Directions for this task:
Output the data verbatim, minus the images.

Given data:
*** Begin section ***

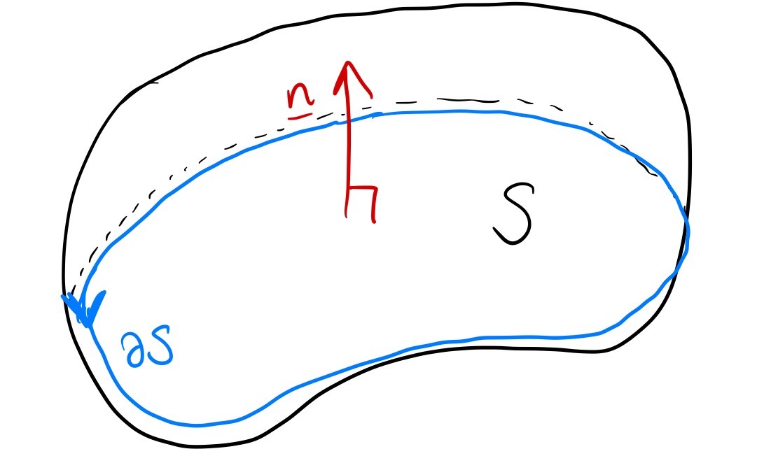 For the theorem to apply, the surface \(S\) has to be oriented. That means that the normal is well-defined everywhere on the surface.
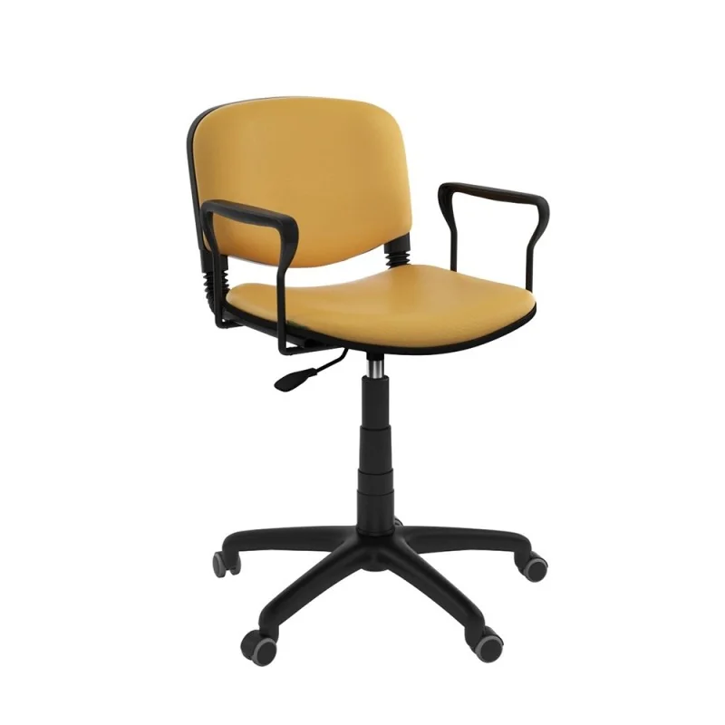 Assise et dossier rembourrés en mousse souple. Le revêtement en simili cuir. Accoudoirs fixe en métal recouvert de polypropylène couleur noir. Mécanisme tournant, réglable en hauteur avec contact permanent du dossier. Structure étoilé à 05 branches en couleur noir avec 05 roulettes tournantes roulantes à double galets même matière.
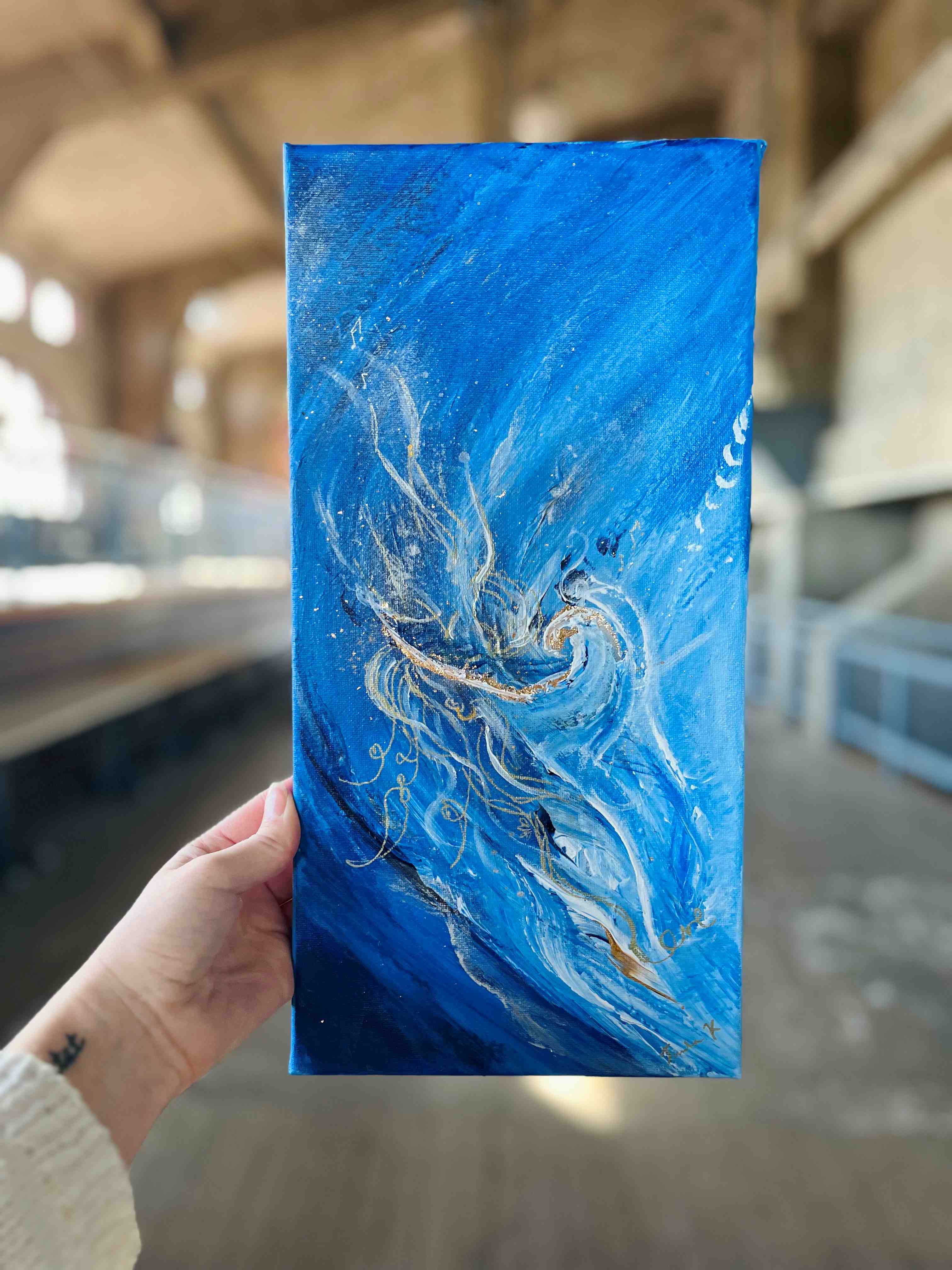 Teos on nähtävillä Tuulia Kauppisen Tunne Voimasi taidenäyttelyssä Lykynlammella 1-28.2.26, Lykynlampi Cafe, Onttolantie 94, Onttola. Teos toimitetaan taidenäyttelyn päätyttyä 1.3.26 alkaen.

*** End section ***

Solution:
 For the theorem to apply, the surface \(S\) has to be oriented. That means that the normal is well-defined everywhere on the surface.
 Assise et dossier rembourrés en mousse souple. Le revêtement en simili cuir. Accoudoirs fixe en métal recouvert de polypropylène couleur noir. Mécanisme tournant, réglable en hauteur avec contact permanent du dossier. Structure étoilé à 05 branches en couleur noir avec 05 roulettes tournantes roulantes à double galets même matière.
 Teos on nähtävillä Tuulia Kauppisen Tunne Voimasi taidenäyttelyssä Lykynlammella 1-28.2.26, Lykynlampi Cafe, Onttolantie 94, Onttola. Teos toimitetaan taidenäyttelyn päätyttyä 1.3.26 alkaen.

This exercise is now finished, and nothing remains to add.